Hillman also observed that “the line between conflict of interest and poor business judgment can become quite blurry.”

Additionally, Anderson noted, some lawyers are suing their dissolved firm's managers “on the basis that 'you breached your fiduciary duty to me when you snookered me into joining the firm.’”

Though Hillman pointed out “That is not a 'duty of care’ claim, that is a 'you tricked me’ claim,” Anderson noted that settlement agreements may buy those partners “peace for mismanagement claims.”

Successor Liability.

Referring to media reports of possible “last-ditch mergers” as large law firms spiral toward dissolution, Richmond commented “I would have some concern as the destination firm that if I acquire that firm, maybe I'm something more than just a destination.” He asked the panel to address what successor liability issues might arise in the course of such mergers.

“Successor liability is easy to allege but difficult to prove,” said Bernstein. Nevertheless, “you're going to have successor liability issues if you hire a substantial number of lawyers from the old firm or if the management of the old firm continues on and becomes management of the new firm.”

He warned that destination firms face potential claims for “aiding and abetting, breaches of fiduciary duty, and tortious interference with contractual relations--anything you can think of where someone is trying to get some money.” Destination firms, he suggested, doubtless take these risks into account in making their offers to lawyers fleeing dissolving firms.

“If one partner is a huge rainmaker and his departure destabilizes the firm, is that enough to give rise to a cause of action?” Richmond asked.

“That's a great theoretical argument,” Hillman responded. A few state supreme courts, he said, “have suggested that if a partnership is about to engage in some significant transaction, such as taking on additional office space, on the assumption that the partnership is stable, and at the same time a group of partners is planning to leave, they may have a fiduciary duty to inform management before it enters into the transaction.” Because those suggestions have been mere dicta, he said, “there's not much there.”

Crafty Contracts?

Hillman likewise discounted the artful crafting of partnership agreements to build in responsibilities that would by definition be breached by departure, as Bernstein observed some California firms have done. “In most jurisdictions” with the notable exception of California, “a financial penalty” for a partner's departure, “including the delayed return of capital, would not be enforceable,” Hillman stated.

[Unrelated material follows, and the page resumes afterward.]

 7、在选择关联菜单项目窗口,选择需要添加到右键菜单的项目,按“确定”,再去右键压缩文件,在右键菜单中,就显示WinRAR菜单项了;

Hillman also rejected Richmond's suggestion of requiring a departing partner to provide the firm with, say, 90 days' notice “so that [other] partners can cement relationships with other lawyers who might want to join the departing partner, and also tell the clients that you aren't as great as they think you are.”

Hillman explained that “It's affecting the rights of clients to secure the representation of their choice if you are trying to prohibit the lawyer from going anywhere else for 90 days.” And, in any event, he noted, “Lots of firms say that if you are leaving, we don't want you to stick around, we want you out now.”

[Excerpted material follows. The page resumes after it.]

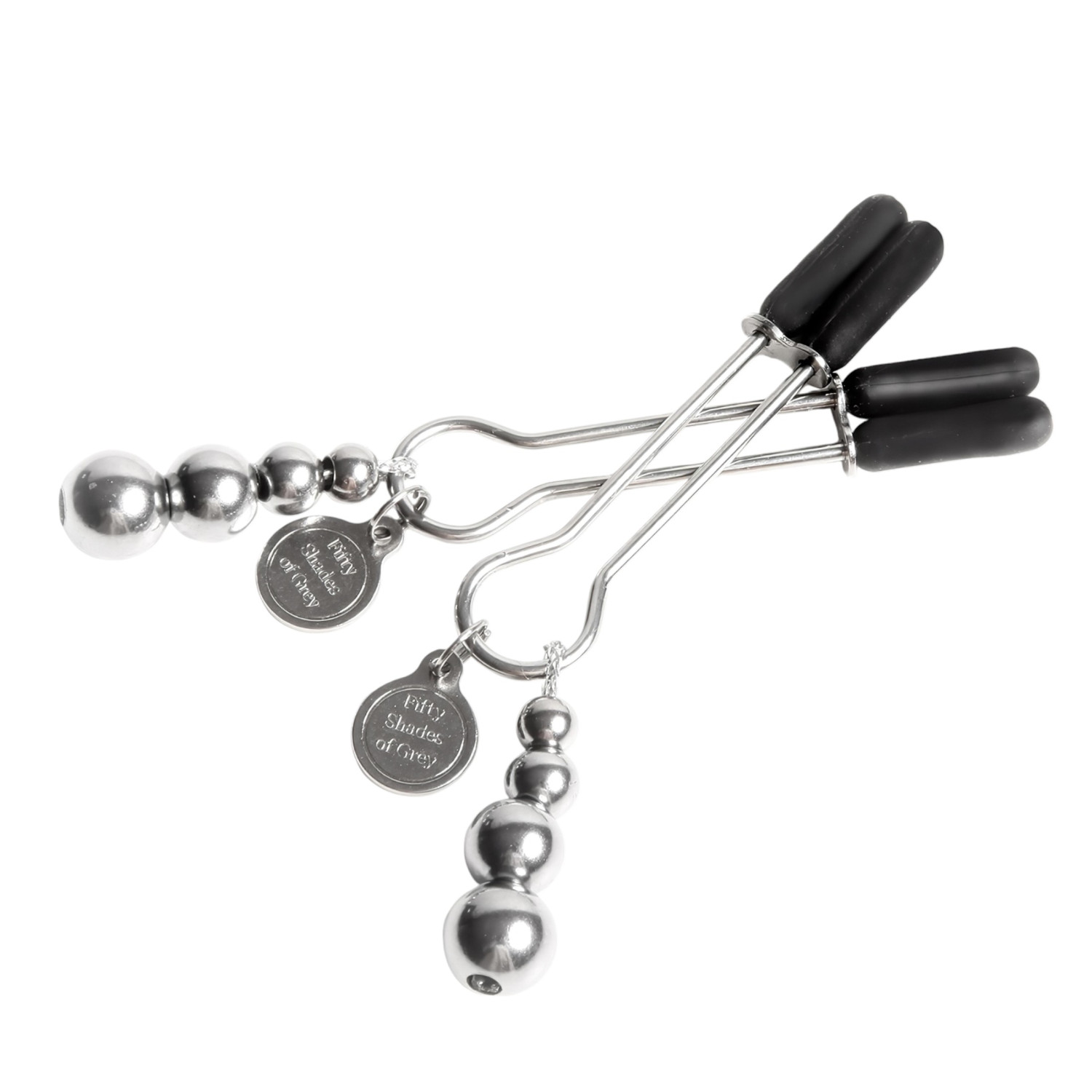 Descubre el juego entre el placer y el dolor con este set premium de pinzas para pezones de presión ajustable. Cada pinza tiene un peso de 9 gramos para una estimulación suave y gradual.

On the other hand, Hillman suggested that a provision that a partner who has gone far enough in discussions with another firm so that the other firm is about to perform a conflicts check must inform firm management might be enforceable.

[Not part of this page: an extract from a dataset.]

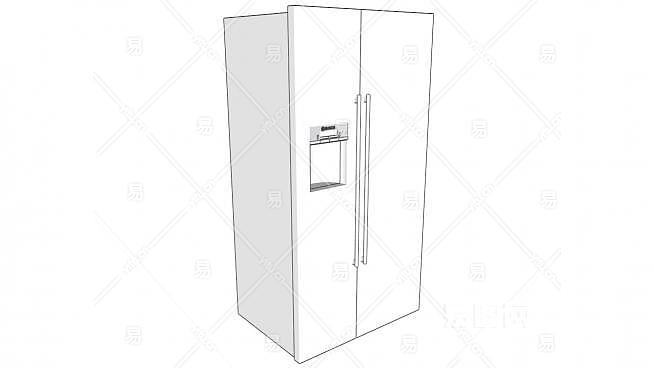 并排白色双开门电冰箱SU模型下载_sketchup草图大师SKP模型

Hillman noted that a recent proposal to amend the Model Rules of Professional Conduct to include similar provisions with respect to clients was unsuccessful. See 28 Law. Man. Prof. Conduct 509.

Commenting “It really has been stunning how many of these major liquidations [of well-established law firms] have occurred in recent years,” Bernstein remarked that lawyers “want to be someplace that offers them a platform to succeed and grow, and they will get there however they get there.”